──────── Input data ────────
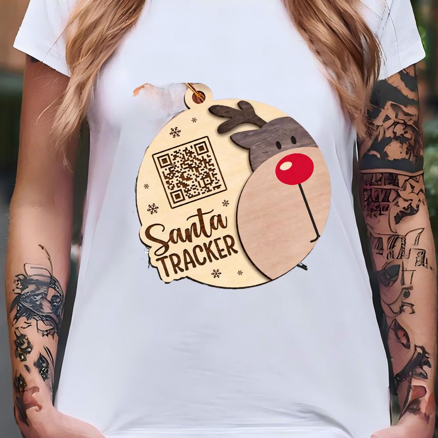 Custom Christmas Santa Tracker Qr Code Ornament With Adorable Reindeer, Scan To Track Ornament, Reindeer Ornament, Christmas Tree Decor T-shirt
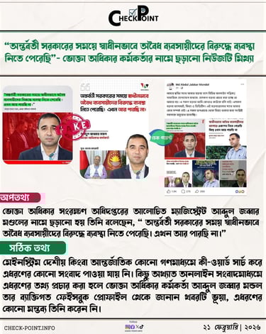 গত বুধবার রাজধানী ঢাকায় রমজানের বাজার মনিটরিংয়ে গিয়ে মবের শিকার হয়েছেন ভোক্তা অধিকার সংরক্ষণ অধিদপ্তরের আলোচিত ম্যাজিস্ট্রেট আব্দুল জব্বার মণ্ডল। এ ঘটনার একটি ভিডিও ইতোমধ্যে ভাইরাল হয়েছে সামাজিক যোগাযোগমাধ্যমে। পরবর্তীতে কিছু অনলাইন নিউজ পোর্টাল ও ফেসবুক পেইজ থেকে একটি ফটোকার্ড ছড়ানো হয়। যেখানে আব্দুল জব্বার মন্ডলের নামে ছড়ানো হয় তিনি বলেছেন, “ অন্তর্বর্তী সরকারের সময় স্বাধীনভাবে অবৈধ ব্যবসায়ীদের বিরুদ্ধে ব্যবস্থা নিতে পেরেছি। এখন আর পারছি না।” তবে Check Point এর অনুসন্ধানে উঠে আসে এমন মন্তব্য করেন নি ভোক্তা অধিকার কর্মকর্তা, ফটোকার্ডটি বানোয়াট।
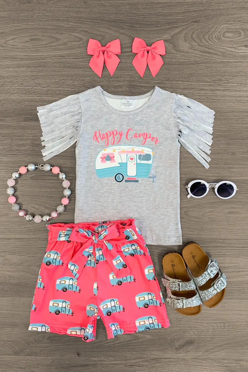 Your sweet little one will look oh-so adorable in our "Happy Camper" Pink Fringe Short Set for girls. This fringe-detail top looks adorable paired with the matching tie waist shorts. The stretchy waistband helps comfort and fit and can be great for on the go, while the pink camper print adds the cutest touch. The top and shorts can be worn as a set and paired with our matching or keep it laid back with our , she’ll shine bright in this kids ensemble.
────────
──────── Input data ────────
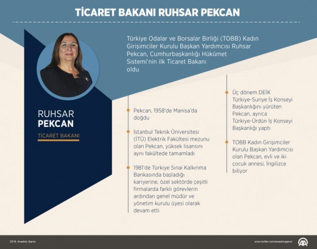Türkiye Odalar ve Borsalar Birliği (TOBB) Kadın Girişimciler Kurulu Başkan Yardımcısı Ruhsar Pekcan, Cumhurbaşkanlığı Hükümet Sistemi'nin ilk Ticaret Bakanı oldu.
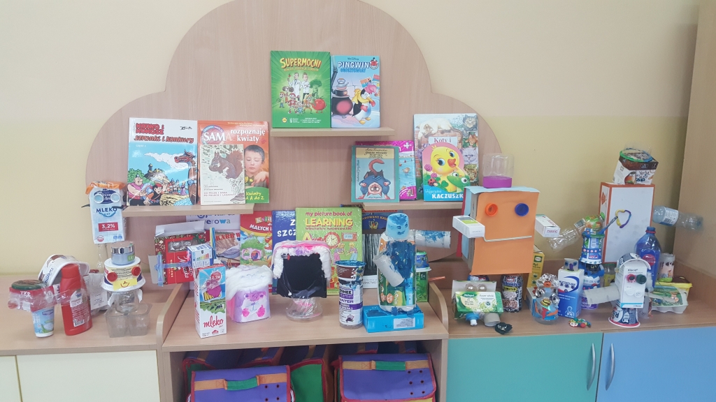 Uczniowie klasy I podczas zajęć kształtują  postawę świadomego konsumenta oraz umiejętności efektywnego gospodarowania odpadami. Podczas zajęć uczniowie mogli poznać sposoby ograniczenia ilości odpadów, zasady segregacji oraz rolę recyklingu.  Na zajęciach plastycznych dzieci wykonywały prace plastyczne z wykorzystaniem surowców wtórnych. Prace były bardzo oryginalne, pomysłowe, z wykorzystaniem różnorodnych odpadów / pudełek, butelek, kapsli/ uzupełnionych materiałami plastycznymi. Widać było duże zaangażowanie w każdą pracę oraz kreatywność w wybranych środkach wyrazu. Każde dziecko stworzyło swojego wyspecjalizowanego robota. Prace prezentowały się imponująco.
────────
──────── Input data ────────
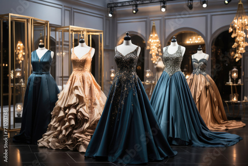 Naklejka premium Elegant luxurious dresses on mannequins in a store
────────
_Required work_
Having found the line with "Custom Christmas Santa" and the line with "গত বুধবার রাজধানী" in the material above, write out exactly those two and every line between, leaving the pictures out.

_Written answer_
 Custom Christmas Santa Tracker Qr Code Ornament With Adorable Reindeer, Scan To Track Ornament, Reindeer Ornament, Christmas Tree Decor T-shirt
 গত বুধবার রাজধানী ঢাকায় রমজানের বাজার মনিটরিংয়ে গিয়ে মবের শিকার হয়েছেন ভোক্তা অধিকার সংরক্ষণ অধিদপ্তরের আলোচিত ম্যাজিস্ট্রেট আব্দুল জব্বার মণ্ডল। এ ঘটনার একটি ভিডিও ইতোমধ্যে ভাইরাল হয়েছে সামাজিক যোগাযোগমাধ্যমে। পরবর্তীতে কিছু অনলাইন নিউজ পোর্টাল ও ফেসবুক পেইজ থেকে একটি ফটোকার্ড ছড়ানো হয়। যেখানে আব্দুল জব্বার মন্ডলের নামে ছড়ানো হয় তিনি বলেছেন, “ অন্তর্বর্তী সরকারের সময় স্বাধীনভাবে অবৈধ ব্যবসায়ীদের বিরুদ্ধে ব্যবস্থা নিতে পেরেছি। এখন আর পারছি না।” তবে Check Point এর অনুসন্ধানে উঠে আসে এমন মন্তব্য করেন নি ভোক্তা অধিকার কর্মকর্তা, ফটোকার্ডটি বানোয়াট।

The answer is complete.